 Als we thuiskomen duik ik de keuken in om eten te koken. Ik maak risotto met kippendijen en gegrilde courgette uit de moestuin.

--

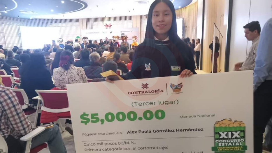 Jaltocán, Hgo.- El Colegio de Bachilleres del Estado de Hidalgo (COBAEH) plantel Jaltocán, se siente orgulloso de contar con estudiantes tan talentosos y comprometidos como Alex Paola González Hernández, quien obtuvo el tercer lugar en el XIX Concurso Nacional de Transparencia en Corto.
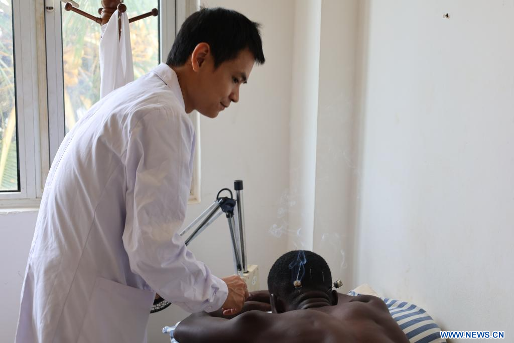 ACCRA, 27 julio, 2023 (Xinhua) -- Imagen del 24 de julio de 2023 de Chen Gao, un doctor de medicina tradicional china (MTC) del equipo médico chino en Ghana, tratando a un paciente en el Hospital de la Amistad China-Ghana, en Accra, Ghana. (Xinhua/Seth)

---

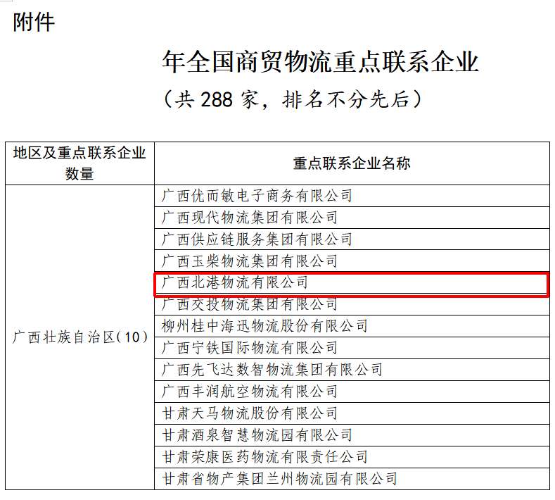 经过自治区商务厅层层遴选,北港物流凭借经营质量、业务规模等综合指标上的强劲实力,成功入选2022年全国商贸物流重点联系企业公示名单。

**Prompt**
The lines to copy exactly start with the line above that has "Jaltocán, Hgo.- El" and go on through the line that has "ACCRA, 27 julio, 2023"; please include both, add nothing else, and omit the pictures.

**Exercise solution**
 Jaltocán, Hgo.- El Colegio de Bachilleres del Estado de Hidalgo (COBAEH) plantel Jaltocán, se siente orgulloso de contar con estudiantes tan talentosos y comprometidos como Alex Paola González Hernández, quien obtuvo el tercer lugar en el XIX Concurso Nacional de Transparencia en Corto.
 ACCRA, 27 julio, 2023 (Xinhua) -- Imagen del 24 de julio de 2023 de Chen Gao, un doctor de medicina tradicional china (MTC) del equipo médico chino en Ghana, tratando a un paciente en el Hospital de la Amistad China-Ghana, en Accra, Ghana. (Xinhua/Seth)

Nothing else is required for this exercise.